Member of the Queensland Legislative Assembly for Dalby
- In office 15 November 1878 – 20 January 1882
- Preceded by: Joshua Peter Bell
- Succeeded by: John Jessop

Personal details
- Born: George Morris Simpson 7 May 1840 Sydney, Australia
- Died: 22 August 1919 (aged 79) Sydney, Australia
- Resting place: Waverley Cemetery
- Spouse: Emily Ellen Vaughan Jenkins (m.1875 d.1930)
- Occupation: Petroleum industry

= George Simpson (Queensland politician) =

Australian politician

George Morris Simpson (7 May 1840 - 22 August 1919) was an Australian politician.

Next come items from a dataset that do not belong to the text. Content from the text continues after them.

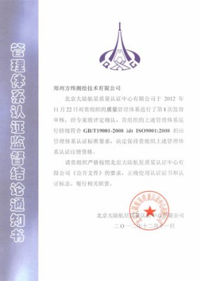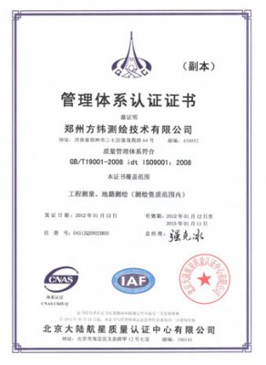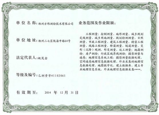 郑州方纬测绘技术有限公司成立于2007年4月28日,现注册资金210万元,乙级测绘资质,通过ISO9001质量管理认证体系,并列入河南省土地调查名录,办公场地284平方米,公司办公地址在郑州市陇海中路64号,公司下设外业测量生产部、内业数据部、航空摄影测量部、技术质量部、办公室、市场部六个部门,并且制定严格的生产、质量、技术、保密、安全等系列管理章程制度。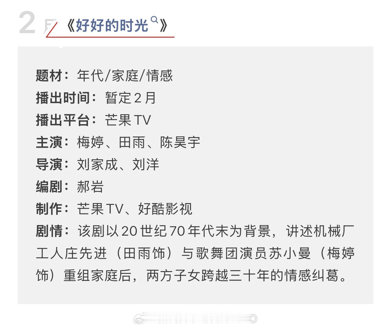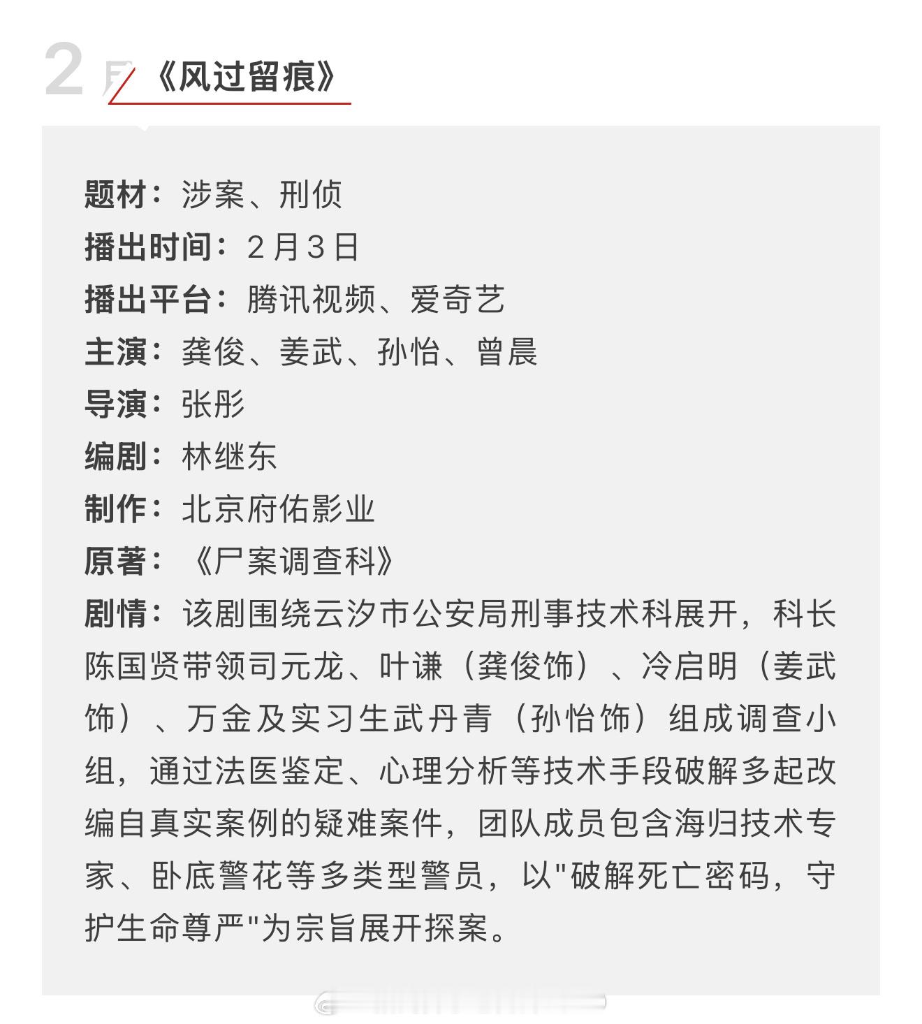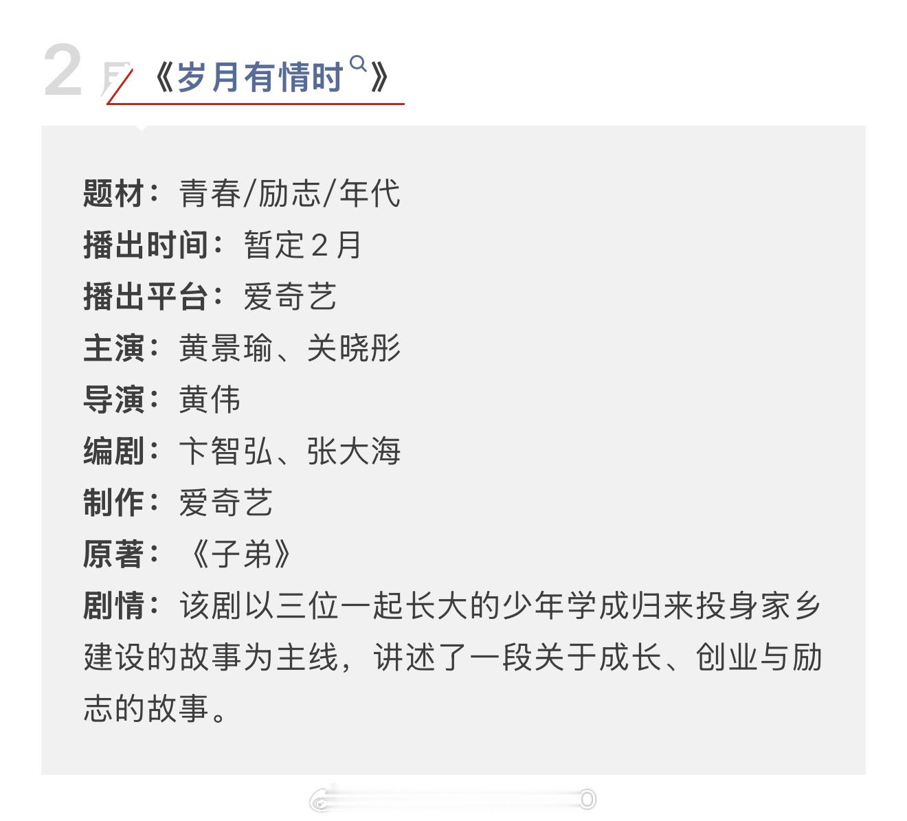 预计在2月播出的大剧:龚俊《风过留痕》2.3腾讯/爱奇艺周翊然、包上恩《江湖夜雨十年灯》腾讯陈飞宇、孙千《纯真年代的爱情》腾讯白鹿、王星越《唐宫奇案之青雾风鸣》优酷王楚然、丞磊《成何体统》爱奇艺黄景瑜、关晓彤《岁月有情时》爱奇艺梅婷、田雨、陈昊宇《好好的时光》芒果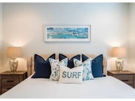 The first floor presents a beautiful master suite, offering a plush king bed and private en-suite bathroom with a glass-front shower and single vanity. Also on the first level is a secondary living room area, with a plush sofa and a large mounted flat-screen television.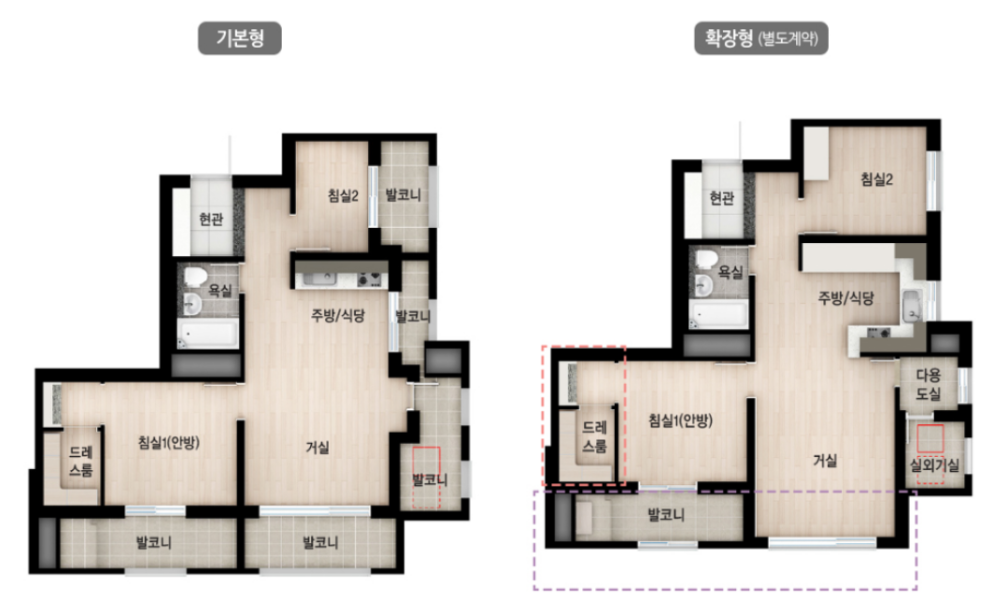 이번 줍줍 902동 2404호/2201호는 각각 남서향, 남동향이며 타워형, 4bay 배치입니다.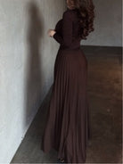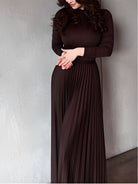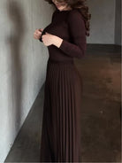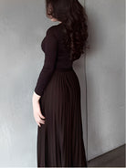 Brown long-sleeved top and pleated skirt set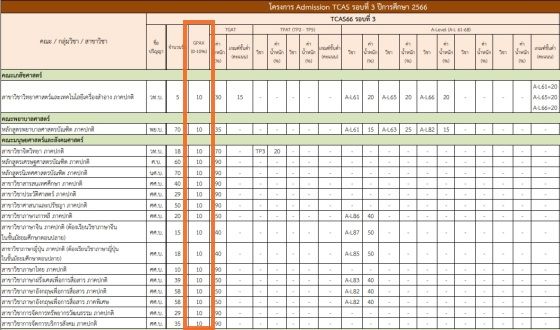 หมายความว่า GPAX นั้นถูกกำหนดให้เป็นหนึ่งในเกณฑ์การคัดเลือก มีการกำหนดค่าน้ำหนักชัดเจนว่าจะใช้ในสัดส่วนเท่าไหร่ ใครได้เกรดดีก็มีโอกาสมากกว่า
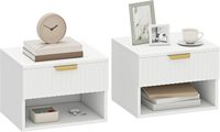 Floating Nightstands Set of 2, Modern Wall Mounted Bedside Tables with Fluted Drawer and Open Shelf for Bedroom, White $68.98
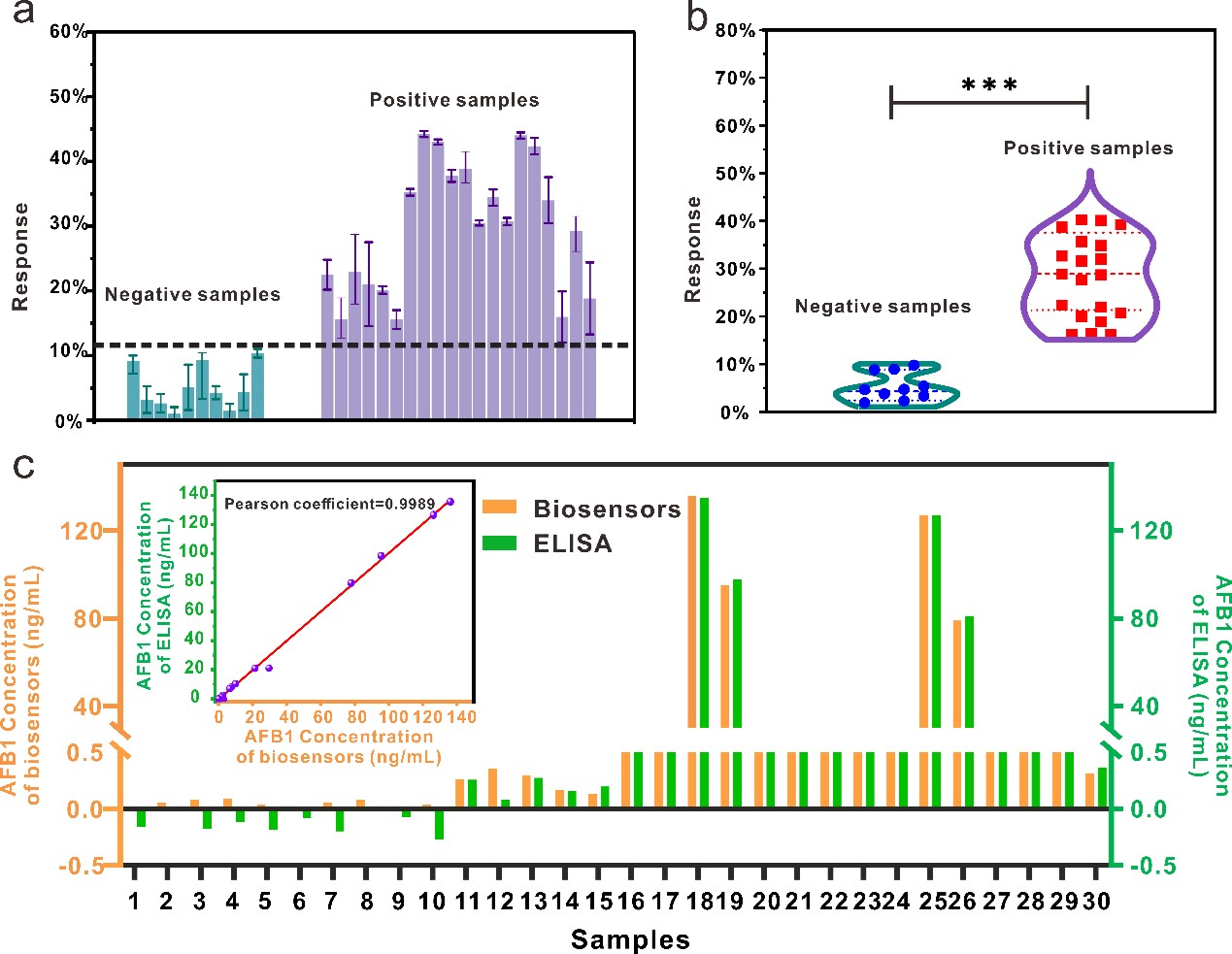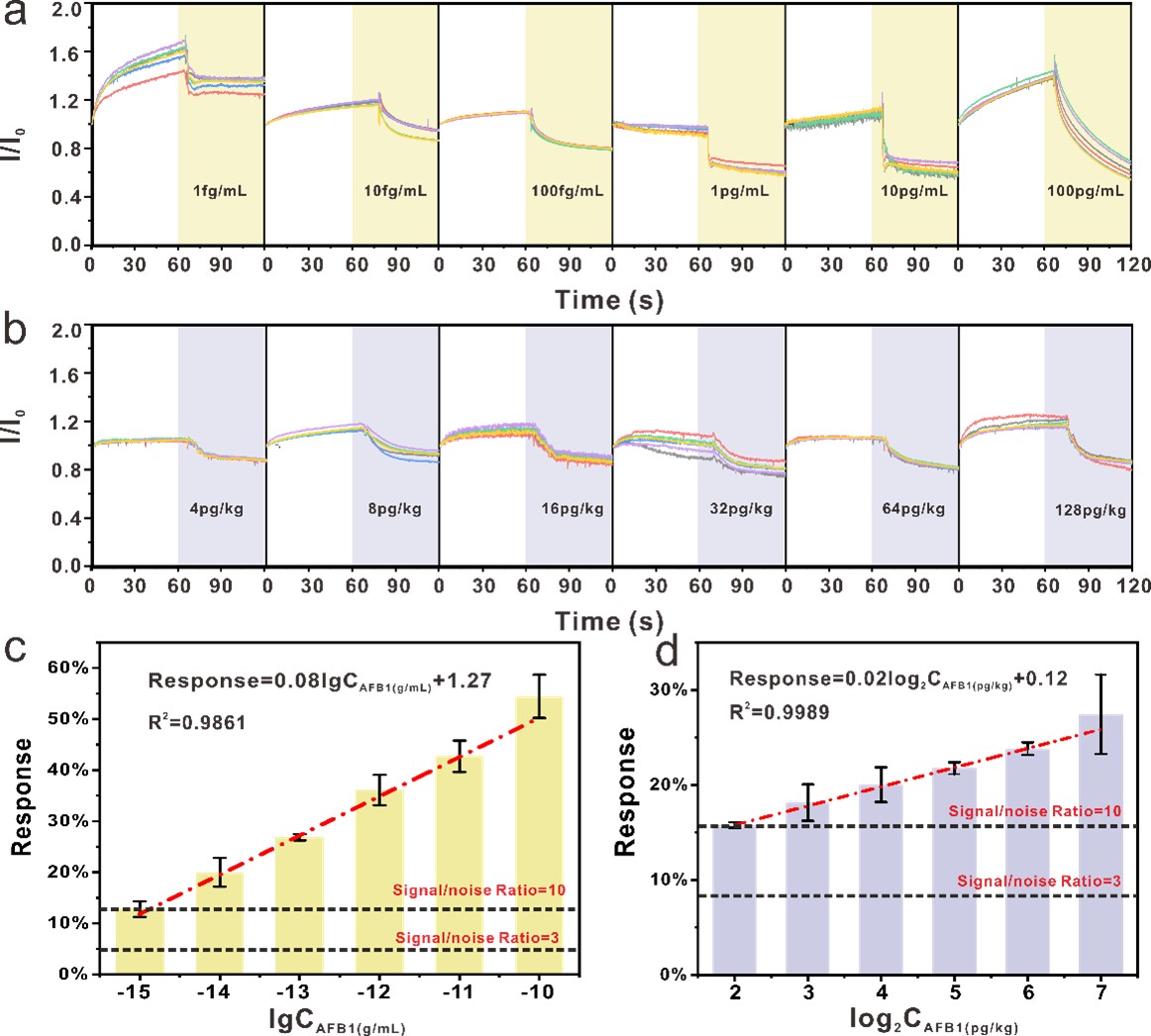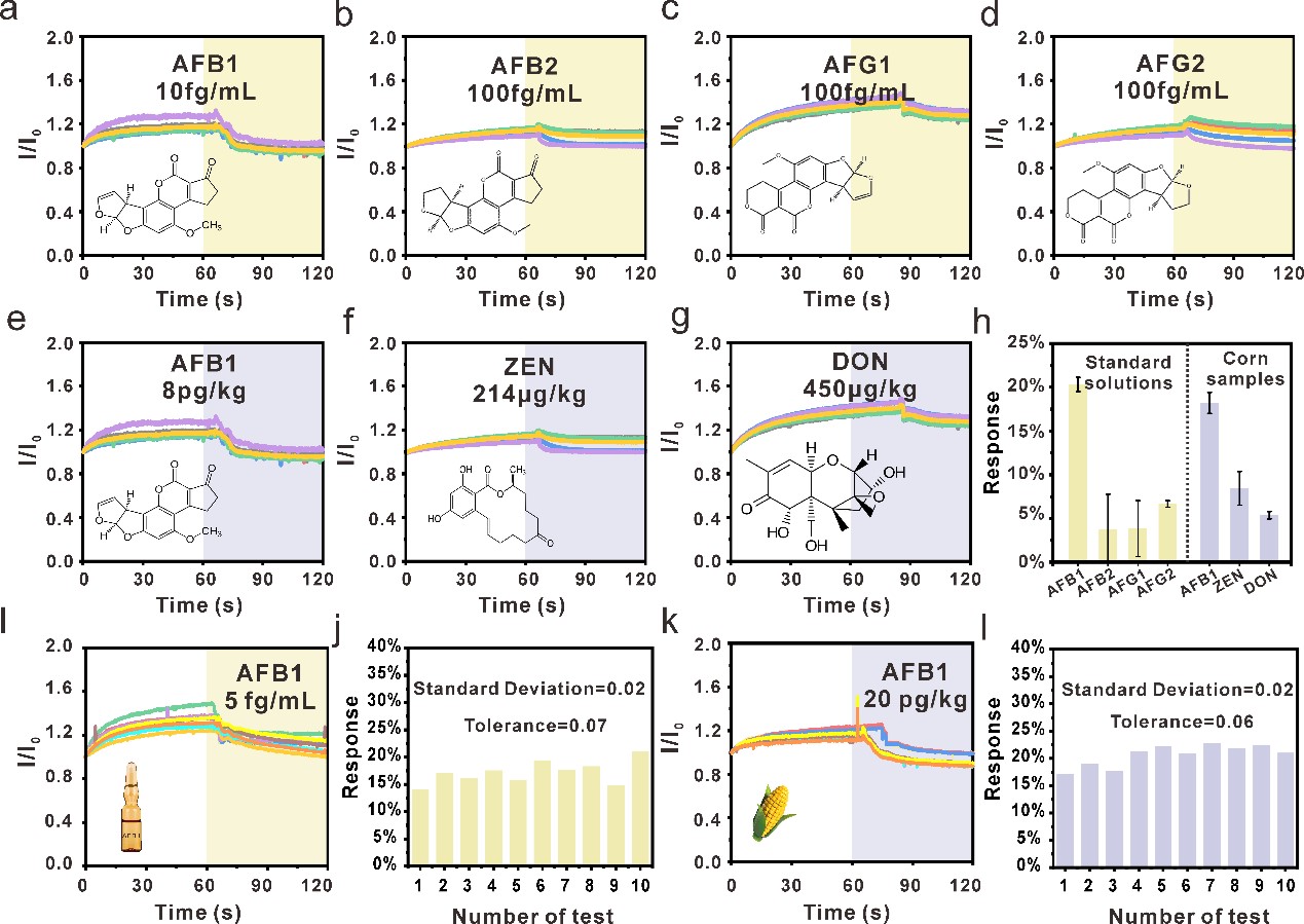 另一方面,团队依据FDA和ICH等国际标准考察了该生物传感器对食品中黄曲霉毒素B1(AFB1)的检测性能。利用便携式检测系统现场检测,反应时间小于60秒,传感器对AFB1标准品的检测限(LOD)为0.55 fg/mL,对玉米样品中AFB1的LOD为0.25 pg/kg。
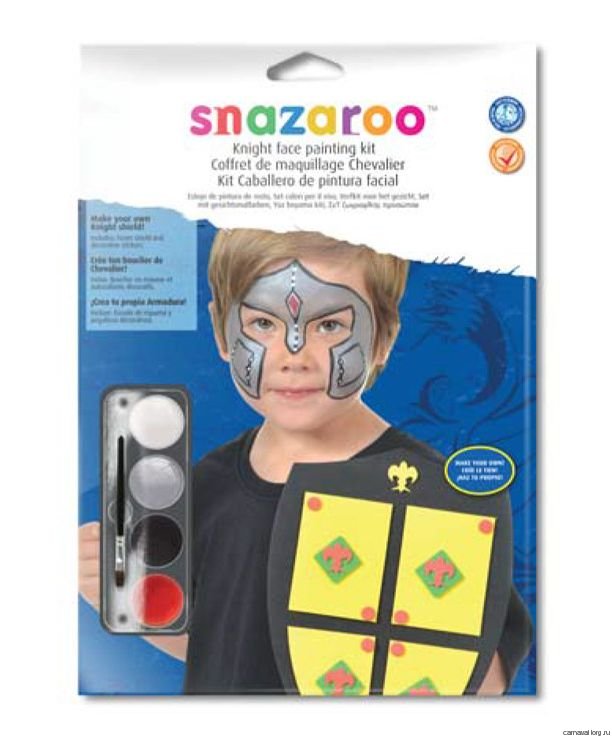Набор "Snazaroo Role-Play. Рыцарь", аквагрим + игрушки. Новый набор от Snazaroo (Сназару) для детей и их родителей - аквагрим + аксессуары для игры в пираты! 4 цвета аквагрима для дизайна пирата + кисточка + рыцарский щит + объемные стикеры для украшения. Преимущества нового набора: - Готовый образ рыцаря для мальчика - грим и аксессуары для игры! - Аксессуары и игрушки выполнены из мягкого безопасного пено-материала.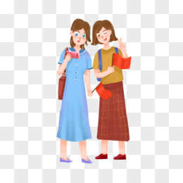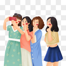 手绘插画风姐妹们自拍免抠元素元素

He was born in Sydney to George Thorant Simpson, an accountant, and Ruth Francis. Brought up by long-serving New South Wales politician Sir John Hay, he attended Sydney Grammar School before moving to Queensland to farm. On 10 November 1875 he married Emily Ellen Vaughan Jenkins, with whom he would have nine children. He was elected to the Queensland Legislative Assembly in 1878 as the member for Dalby, and he served until 1882. He was also a candidate for the New South Wales seat of New England at the first federal election.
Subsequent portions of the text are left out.